映画「秒速5センチメートル」の感想・レビュー!

今回レビューするのは、新海誠監督のアニメ映画「秒速5センチメートル」。

プライムビデオでも19年7月1日から配信が開始されました。

個人的にはこれまで公開された7作品の中でも、「最も濃い新海ワールド」を味わうことができる作品だと思っています。

見どころ!

  • 新海作品ならではの美しい映像と音楽
  • 胸をしめつけるようなせつない恋の物語
  • 見終わったあとの大きな余韻

巷ではある種の「破壊力」がすごい作品としても有名です。(;´∀`)

あまり万人向けではないかもしれませんが、それゆえの濃密なストーリーを体験できる作品となっています。

カヌー

精神的にダメージを受ける場合もあるので、観るタイミングには注意しましょう。(わりとガチです)

作品について

製作・キャスト

  • 監督 新海誠
  • 公開 2007年
  • 上映時間 63分
  • 主演 水橋研二(遠野貴樹役)、近藤好美(篠原明里役)、花村怜美(澄田香苗役)
  • 主題歌 「One more time,One more chance」(山崎まさよし)

新海誠監督によるアニメーション映画の3作目にあたる本作。

新海作品がまだそれほど広く世間に認知されていなかったころの作品です。

今でこそ「君の名は。」や「天気の子」の名前も挙がると思いますが、それ以前は新海誠=秒速というくらい強いイメージがありました。

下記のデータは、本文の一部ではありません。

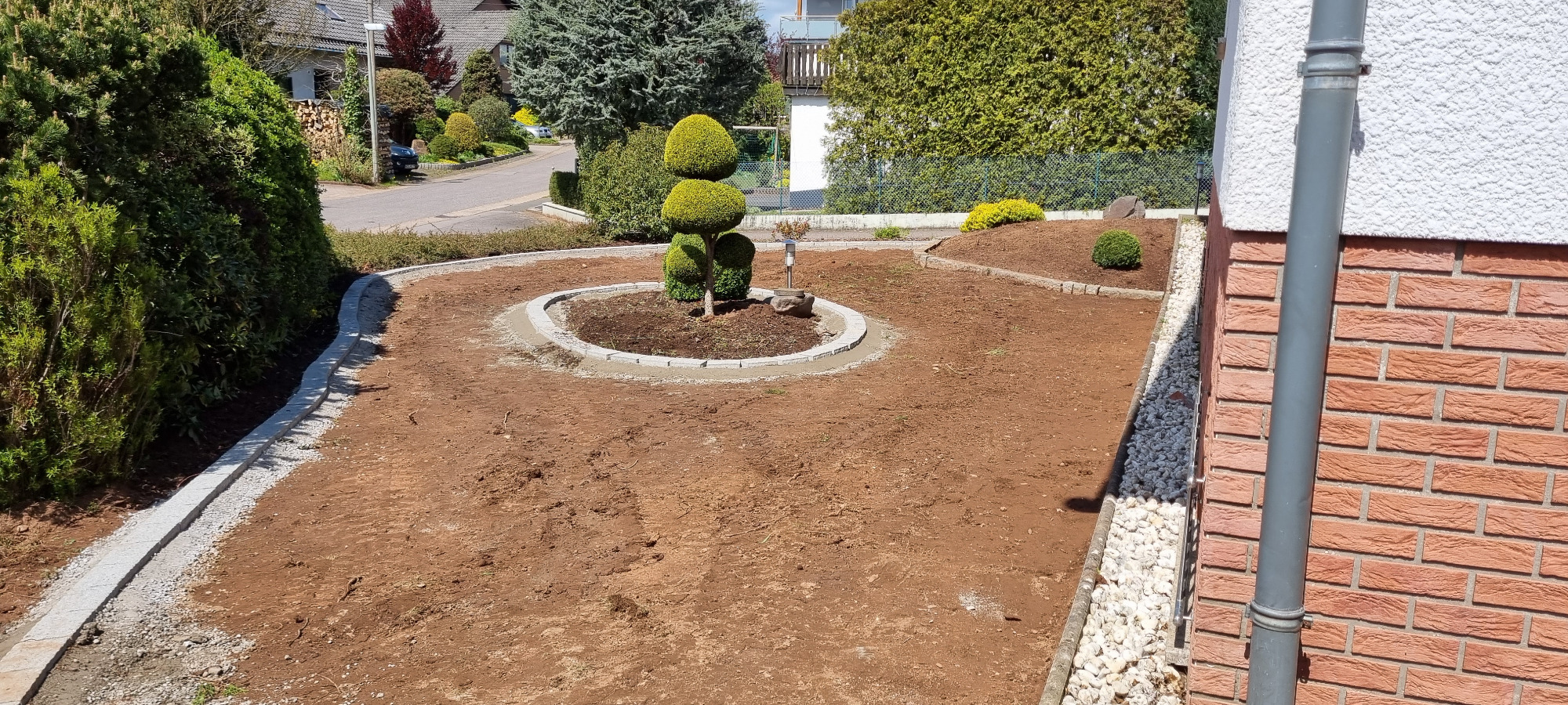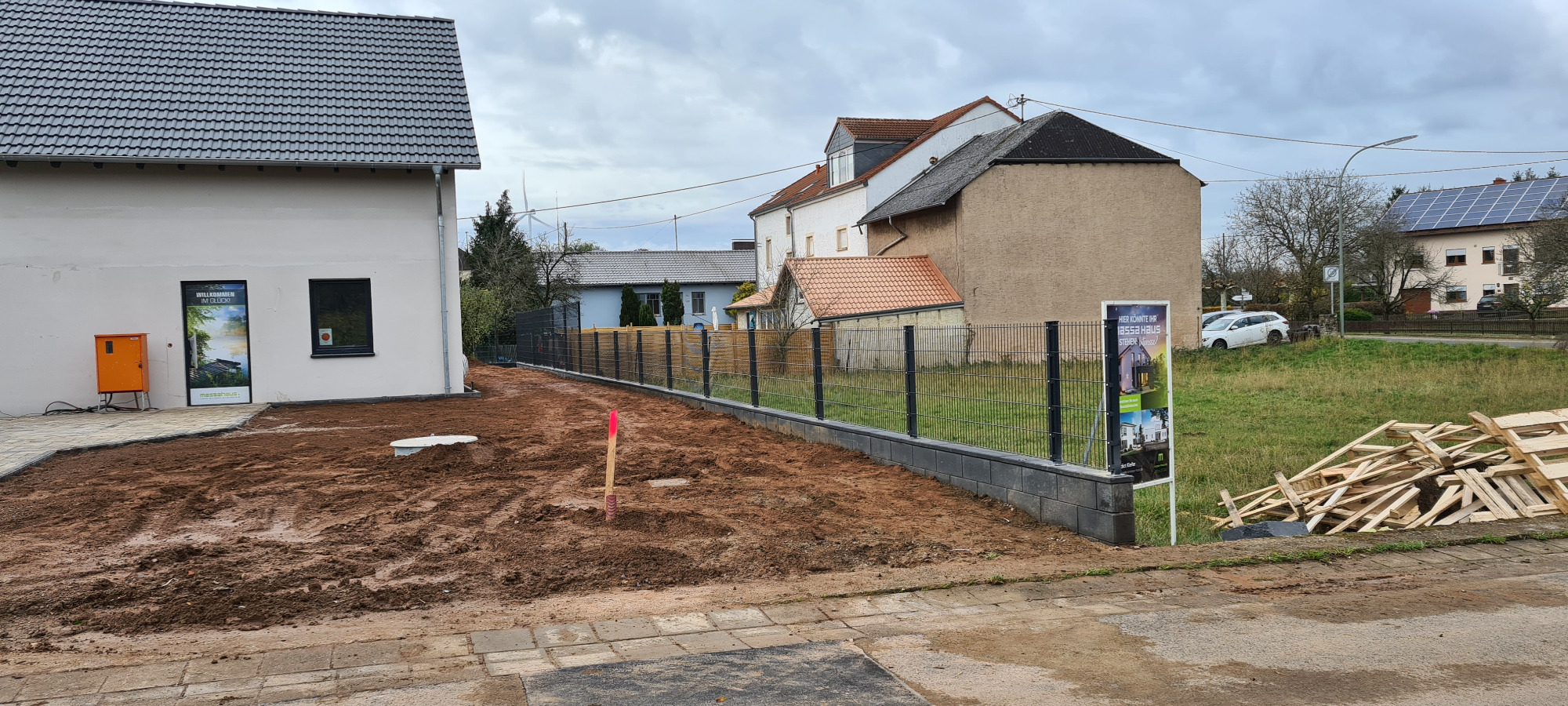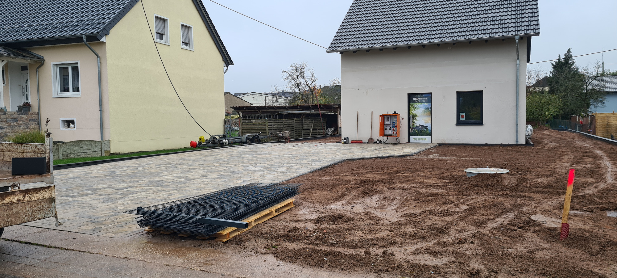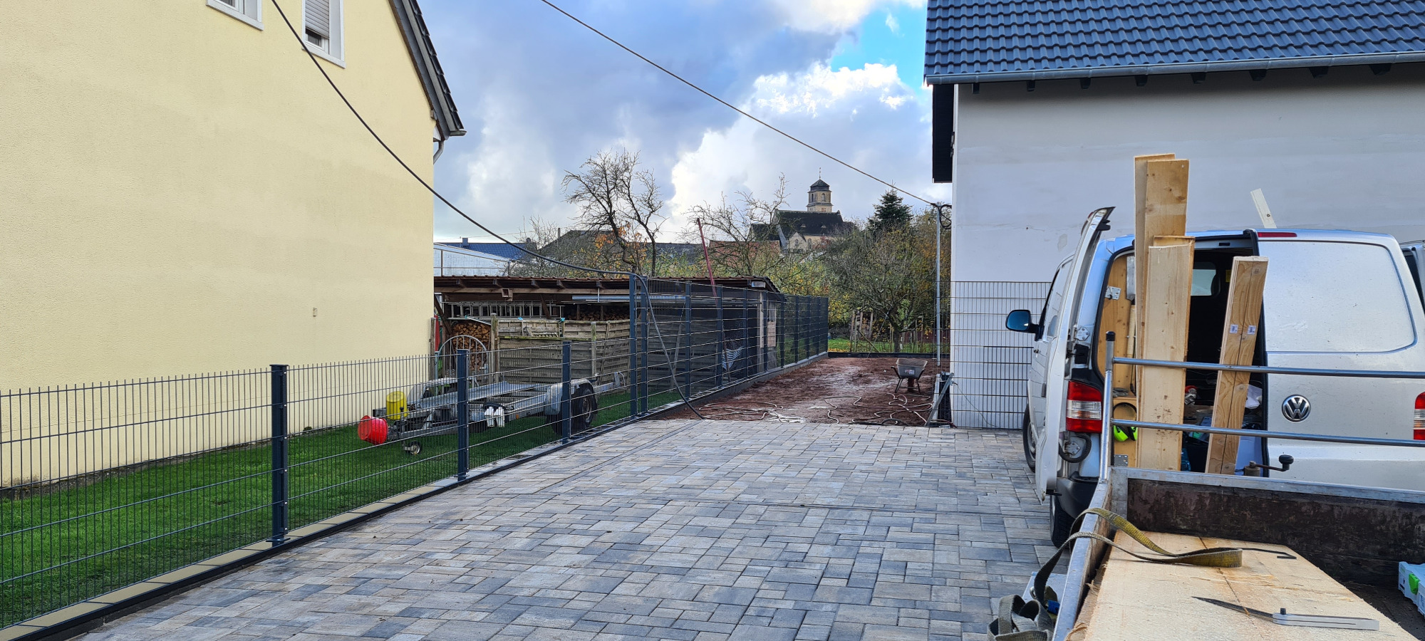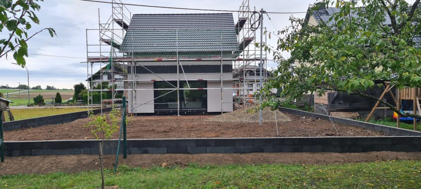 Neubau. Schalmauer mit Doppelstabmatten Zaun. Eingangsbereich mit Verbundsteinen. Anlegen einer Rasenfläche

13年という年月を重ねた今なお、根強い人気を誇る作品です。

結構前の作品なんだね。

ワンコ

 

カヌー

そうですね。

でも「実写以上に美しい」と言われる映像美は、今に通じるものがあると思います。

「秒速5センチメートル」あらすじ

あらすじ

「秒速5センチメートルなんだって。桜の落ちるスピード。」

遠野貴樹篠原明里は精神的にどこかよく似ていた。

グラウンドよりは図書室が好きで、大人数で遊ぶよりは2人の方が好き。

そんな子供だった。

自然と一緒にいることが多くなり、互いに欠かすことのできない存在となっていく。

「このまま一緒に大人になっていける」

そう漠然と思っていたが、明里は栃木へ、翌年には貴樹の九州への引っ越しが決まってしまう。

もう会えなくなるかもしれない─。

そう考えた2人は最後にもう一度会う約束をし、貴樹は明里の待つ岩舟へと向かうのだった。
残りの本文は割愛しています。